I caught a few channel last winter from the river using cut pieces of shad I froze the previous fall. I did not get any shad this past fall to freeze, so I am bumming right now for the bait I want. Hopefully I can get out to get some shad somewhere before the first tourney!


----------



## Raines (Jan 28, 2005)

my freezer had the same problem till i went to santee in feb. before leaving bassman23 and i were going to spend the rest of our money on shad just to take the pressure off,then the guy running the camp said "YOU YANKS BUY THAT COOLER AND I'LL FILL IT W/ SHAD" so for 7bucks a piece we got around 50 pounds of shad. not to mention money left over that our wives didn't know about. about the cats if you can boat it find the hole in your stretch of river thats got the best looking cover,depth and if there is any kind of slower current around .with a good fish finder you bound to stumble onto some good spots.HOPEFULLY WE HAVE A SPRING AND COLD WATERS NOT AN ISSUE FOR MUCH LONGER. good luck


----------



## H2O Mellon (Apr 5, 2004)

I would buy a cooler full of Shad for $7 any day! Man, I wish I could find somethign liek that around here.


----------



## flathunter (Apr 5, 2004)

Bryan, I remember when I had a bunch of fresh shad, and you insisted of fishing with chicken breast


----------



## H2O Mellon (Apr 5, 2004)

Shut up Jack, Man how many times do I have to tell ya', thats my secret bait!


----------



## RiverRat (Apr 5, 2004)

You can catch cats all winter long in certain river systems(ie Ohio river).
My normal season starts for channel cats around mid March most years and runs to late Nov. early Dec.
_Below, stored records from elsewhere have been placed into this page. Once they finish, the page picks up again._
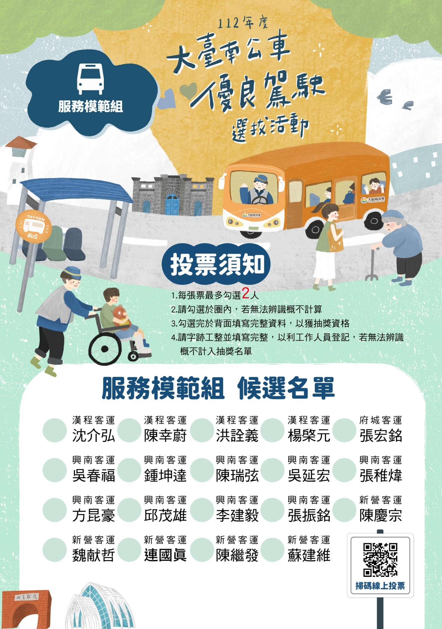 公共運輸處處長吳俁之說明,投票方式可至本市各大轉運站(台南轉運站、新營轉運站、火車站南北站、新化站、佳里站、玉井站、新營站、麻豆站、白河站及關廟站等)以紙本票卡圈選或掃描活動海報上的QR code填寫Google表單(https://forms.gle/CboRmBQ6JpH31YR67)。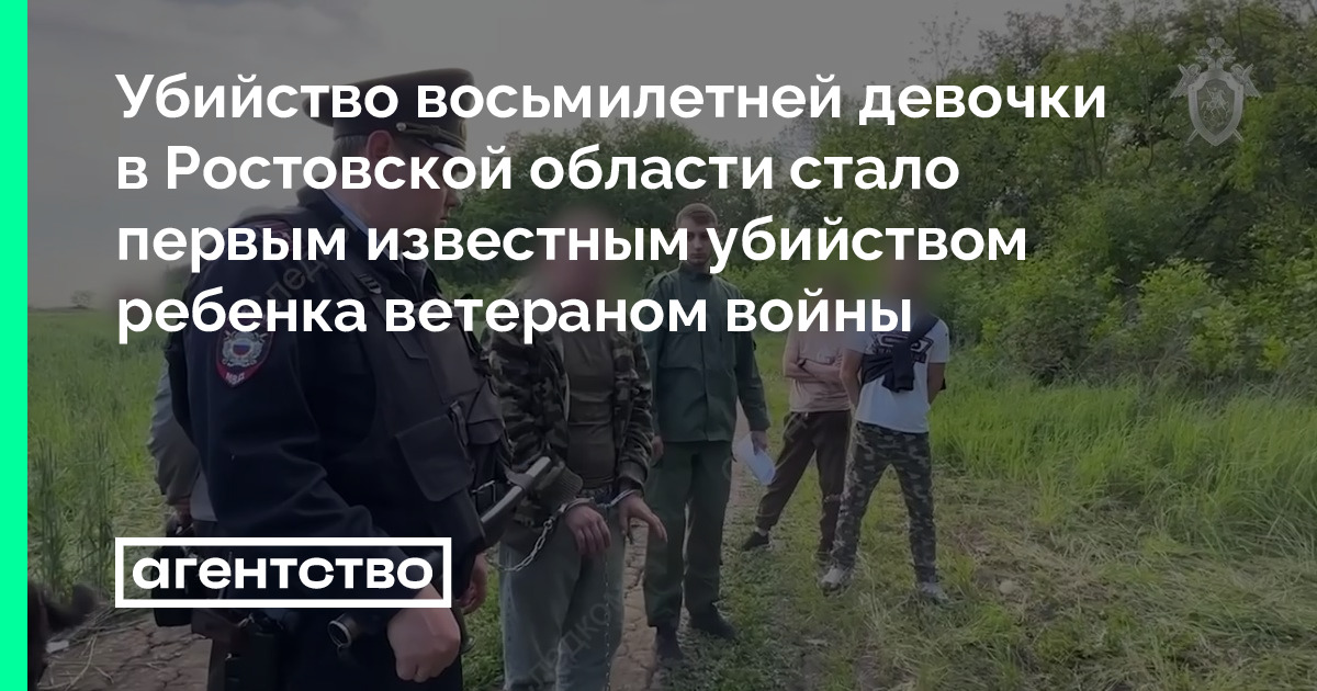 Убийство восьмилетней девочки из станицы Ольгинской Аксайского района Ростовской области стало первым известным случаем убийства ребенка ветераном войны в Украине, свидетельствует анализ «Агентства». Крупнейшие государственные информагентства ТАСС и РИА Новости не стали сообщать о том, что признавшийся в убийстве мужчина участвовал в российском вторжении.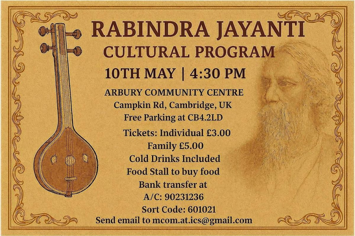 Welcome to our Rabindra Jayanti Cultural Program! Join us at the Arbury Community Centre for a day filled with music, dance, poetry, and more to celebrate the life and works of the legendary poet Rabindranath Tagore. Immerse yourself in the rich cultural heritage of Bengal and enjoy performances by talented artists. Don't miss this opportunity to pay homage to Tagore's contributions to literature and music. See you there!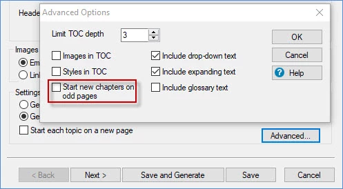 Expected Results: There should be no blank page after my cover page, TOC, and no blank pages between chapters.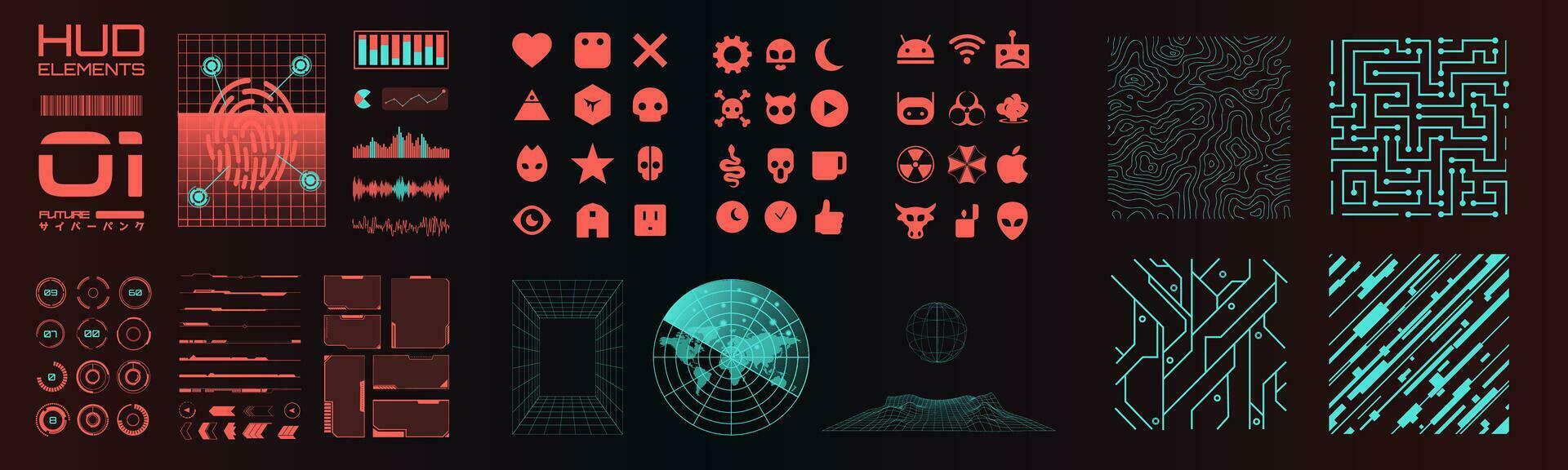 Cyberpunk 3D Cosmic Shapes. Digital Hud elements. Info, label boxes and bars. UI, UX futuristic parts for layouts and templates. Holograms, charts and virtual reality visualizations. Video game maps. Pro Vector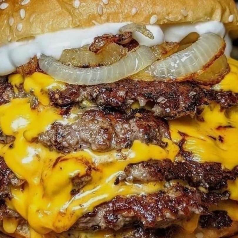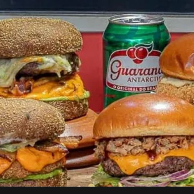 Pão gergelim, 6 carne56g,4queijo derretido,4presunto, 2 ovos, bacon, calabresa e molho especial batata p e guaravita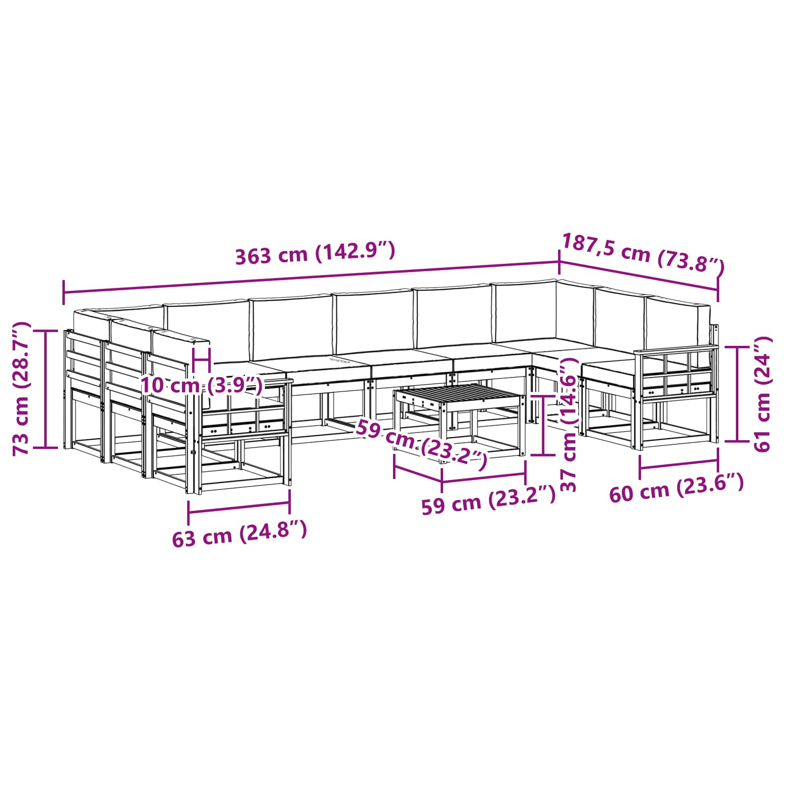- 10 x sedežna blazina: 60 x 60 x 8 cm (D x Š x V)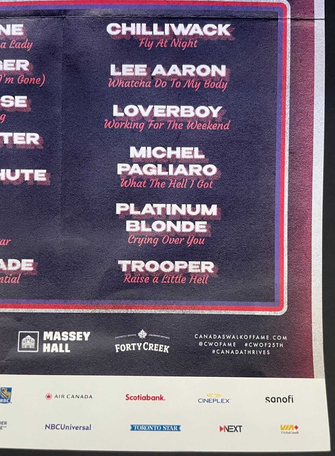 • 2023 Canada's Rock Of Fame Induction Concert Massey Hall Poster Banner Handbill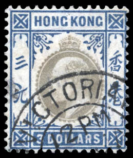 Lot 39 o Hong Kong, 1903, King Edward VII, $3 slate & dull blue (Scott 83), Crown CA watermark, neat Victoria c.d.s., Fine used, a lovely example of this high value. Scott $400. SG 74; £425 ($500). Yang 73. Estimate $120 - 150. |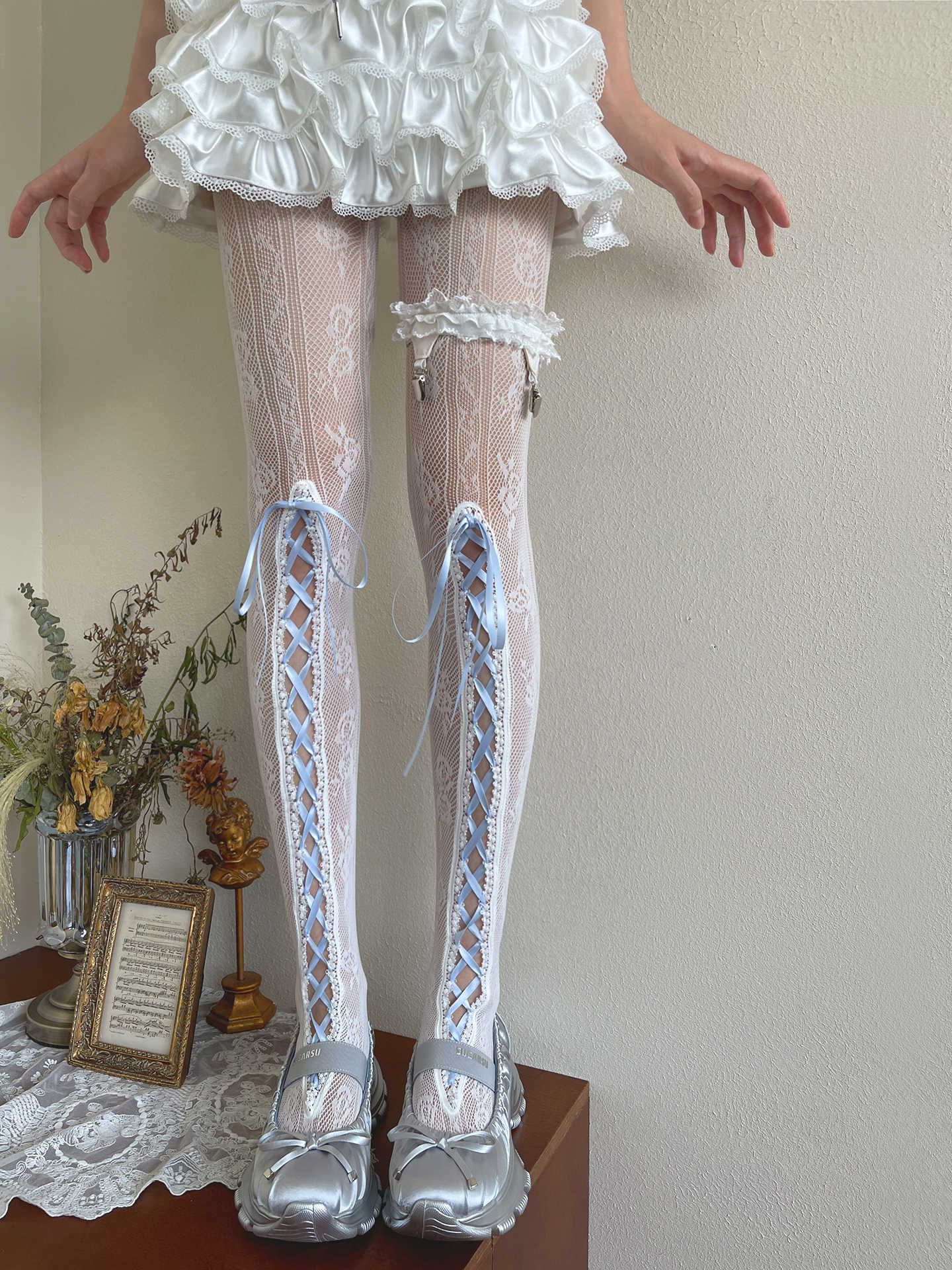 Blue Ribbon Lace Socks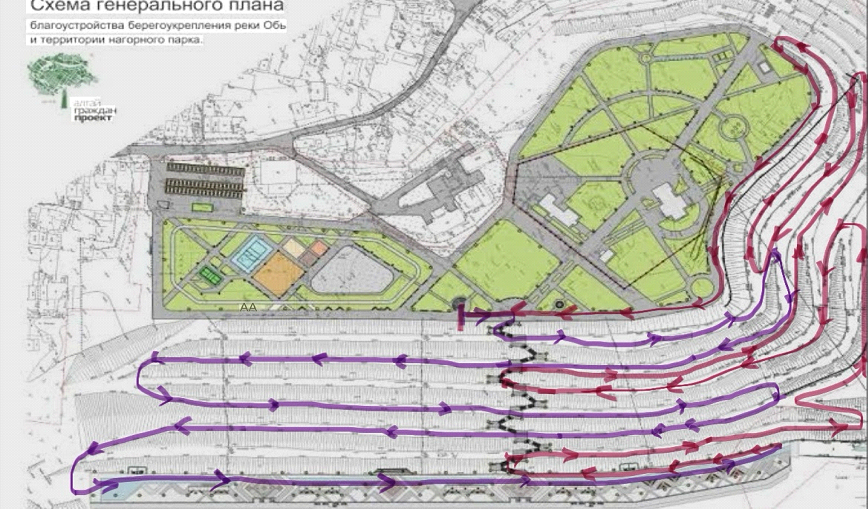 Дистанция 4 км, первая часть дистанции преимущественно вниз к реке, отмечена фиолетовым цветом, вторая часть дистанции отмечена розовым цветом, преимущественно вверх от реки.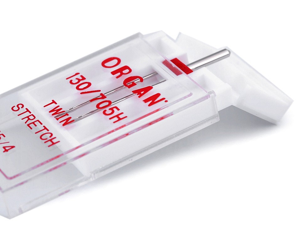 Dvojjehla Stretch Organ je vhodná na elastické materiály, jako jsou stretch a lycra. Rozteč jehly je 4 mm. Jehly mají z jedné strany plošku.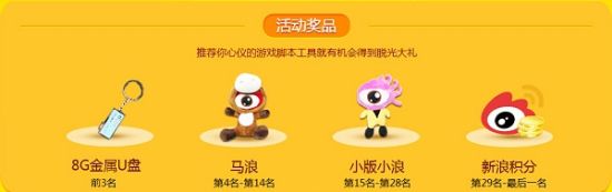 11月10日——11月17日,新浪页游助手为玩家们特别策划了“脱光”分享活动。活动期间,玩家将页游工具分享给其他玩家,通过分享链接下载新浪页游助手,就能获得一颗爱心奖励,推荐的链接越多,所得的爱心也将越多。爱心排行前列的玩家将获得丰厚的实物奖品,奖品包括金属U盘、玩偶以及新浪积分奖励等。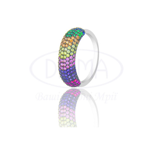 Срібна каблучка з різнокольоровим цирконом. Срібло 925 проби, покрите родієм.

Cut bait is all i use....for me the fresher the better.

Scott


----------



## husky hooker (Apr 6, 2004)

as a backup cutbait i always did pretty good in the tusc with ocean perch from the store. cut it up and it stAYS ON GREAT AND IF YOU EVER SMELLED OCEAN PERCH YOU KNOW WHAT MEAN!


----------



## mastercatman (Jan 30, 2005)

I just wanted to say this about fishin the tusc this time of year. If finding cutbait is really an issue I guarantee you will have just as good of success with nightcrawlers. I live directly across the street from the tusc and have been fishing it for about 17 years in canal fulton. I have fished night crawlers and cut bait consisting of shad, suckers, carp, and chubs side by side with little variance in preference this time of year. This will change though as the water warms you will find that channel cats will show preference to fresh cut baits. This time of year there is more precipitation that washes more food sources including nightcrawlers naturally into the river systems.


----------



## pendog66 (Mar 23, 2005)

I have caught catfish on hot dogs. shrimp. cutbait, and nightcrawlers. But by far the best bait i've used for a big catfish is a sunfish. Catch a small sunfish and prepare for a fight of a lifetime


----------